Quite wrong.
Sure - there is a significant number of asymptomatic cases, and they seem to be quite fine (other then infecting others).
However - most people who do get the symptoms describe it more like "being hit by a bus". Think a pretty bad flu ... and if you just check that the average time to suffer from this virus is around 28 days - this is clearly worse than the flu. Ask your big hero Boris ... I hear he had a near death experience.
Some people (including healthy athletes) do suffer for months under weakness / heart conditions and continue to do so. Whether they will fully recover - nobody knows (due to the short time the virus is so far around):
https://medicalxpress.com/news/2020-...ng-months.html
A significant percentage of the patients who had been hospitalised suffer under heart damage (well above 10% according to several studies - check link below), blood clots (including stroke), lung damage, neurological symptoms:
https://www.advisory.com/daily-brief...health-effects
And a not insignificant number of people in risk groups are dying (from memory still around 10% in the group above 80). Risk groups are people of old age (70+), people with diabetes, people with immune deficiencies, people with heart conditions and similar (
https://www.cdc.gov/coronavirus/2019...onditions.html). Roughly one third of the population.

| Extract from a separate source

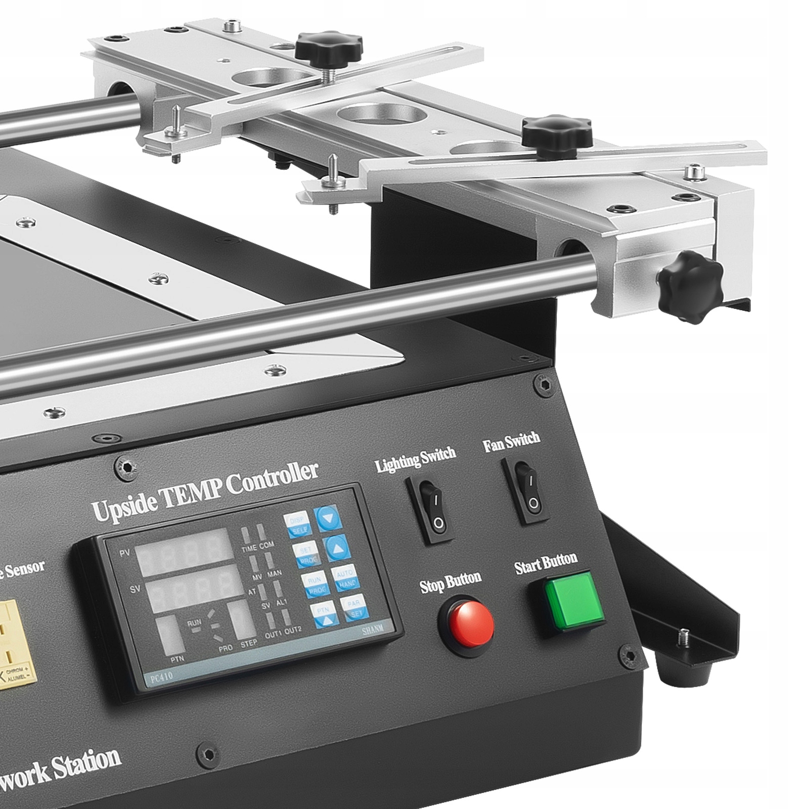 - Довге життя: алюміній та залізо високої якості з окисленням та розпиленням роблять продукт твердим, стійким до зносу, корозією, іржею, міцним та міцним. Тим не менш, на загальну інфрачервону переробну станцію легко впливають потік повітря, що призводить до неточного контролю температури і може легко впоратися з переробкою розв'язаної пайки. Температурні нагрівачі та чутливі датчики вимірювання температури температура робочого процесу можна легко та точно контролювати. Крім того, технологія контролю температури у закритому циклі забезпечує точні температурні процеси та рівномірний розподіл тепла. 4 Його лінійний посібник з полюсами нерівностей можна регулювати та заблокувати, повертаючи ручку, і дуже зручно виправити друковану плату, що може ефективно запобігти деформації плитки PCB. 4
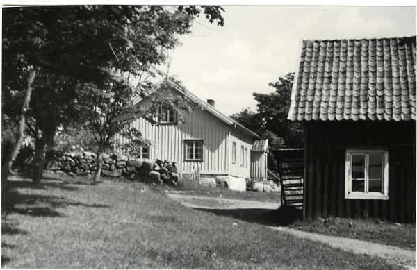 Bilden tagen midsommardagen 1944 av en gård belägen nedanför Vallda kyrka. Byggnaden närmast i bild har en utvändig trappa på gaveln till vinden.

Listening to your posts (the few I still read) you sound like somebody who does not care for other people - and you probably don't have friends either, i.e. nobody you care for would be at risk. However, just wondering - we all grow older and for you (male, white, privileged and around the 60ķes) is it another 10 years or so until you end up to be in the high risk group.
I take it that you would not mind if society would at that stage risk your health and life? Or is it just the health of other people you don't care about?